Silver and Black Will Rely on Old School Speed in 2009

Paula LehmanCorrespondent IMay 27, 2009

ALAMEDA, CA - MAY 08:  Darrius Heyward-Bey #12 of the Oakland Raiders runs drills during the Raiders minicamp at the team's permanent training facility on May 8, 2009 in Alameda, California.  (Photo by Ezra Shaw/Getty Images)

This will be the season to see if nearly 80-year-old Al Davis still has what it takes to get in the ring. And if you know anything about Al, it’s that the man won't give up.

The Raiders fell again in the ESPN Power Rankings May 2009 edition, nearly hitting bottom at No. 30. The team went 5-for-11 last year and Davis’ glory days seem to be a distant memory. Fans became even more frustrated at this year’s NFL Draft, when Davis chose wide receiver Darrius Heyward-Bey over the more glorified players, Michael Crabtree and Jeremy Maclin.

But that’s Al’s M.O. Despite changes to how the game is played, Al sticks to old-school strategy; something that could make or break the Raiders 2009 season.
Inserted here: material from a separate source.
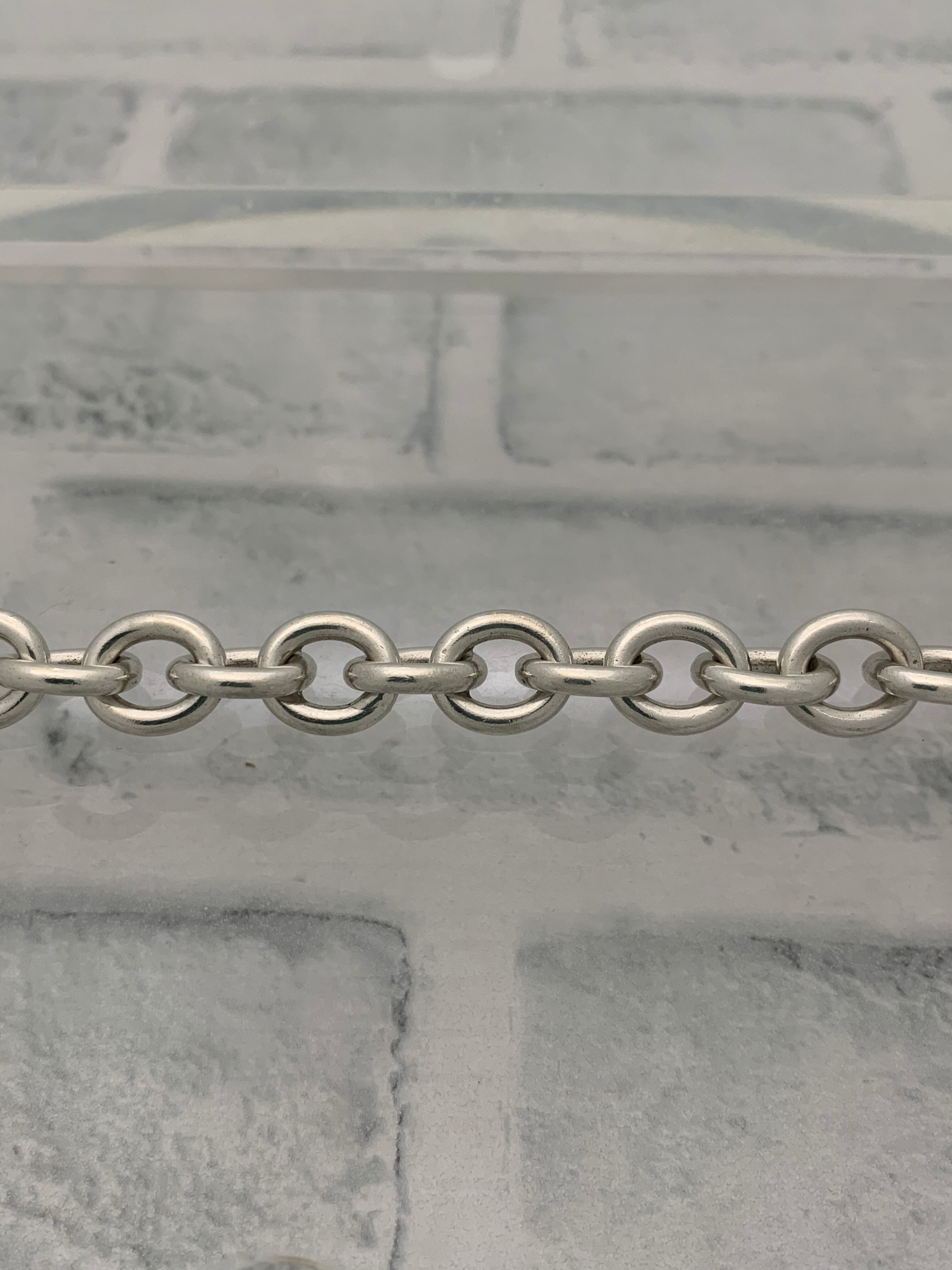 丸みを帯びた肉厚のコマが特徴的なチェーンブレスレット。イタリアンシルバーを元にしたデザインが多いティファニーやグッチが得意とするデザインです。

Football changed years ago when defenses began trickling back from the scrimmage line to protect against deep passes. You still see a successful long-ball but it is much more difficult to pull off. Heyward-Bey ran a 4.30 at the combine. He’s exactly the type of player Al likes to commission: someone who can go long and put points on the board with the sort of finesse you saw in players like Tim Brown in the 90's.
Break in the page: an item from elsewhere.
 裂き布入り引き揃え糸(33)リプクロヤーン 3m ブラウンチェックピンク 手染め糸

But, if the Raiders are going to make a successful season out of 2009, Heyward-Bey will have to do something most rookies can’t: change the way the sport is played.

The Raiders also named Tom Cable, former Raiders offensive line coach, head coach in February. The decision is another no-brainer if you know the inner workings of the Raiders. The organization is nearly incestuous in its loyalty to one another. John Madden still talks about the old days with Al, how Al would be his first phone call if things went sour. Promoting from within the organization will yield smooth tranistions and a more tight-knit club.

So where does that leave us? A demoralized team being dragged along by an old-timer’s memories of glory? A team about to win back their fans with a rocket-fast kid from Maryland?

My estimation is that the Raiders will show significant progress but fall short of making it to the playoffs. New QB Jeff Garcia will need to show strength in an arm that has failed him in the past in order to make best use of Heyward-Bey’s abilities. And Cable will need to step up his game to set up a workable formation with the table Al has set for him.

But, in the miraculous case in which these two things play out perfectly, the Raiders have a chance to, at the very least, appease the woes of their devoted fans.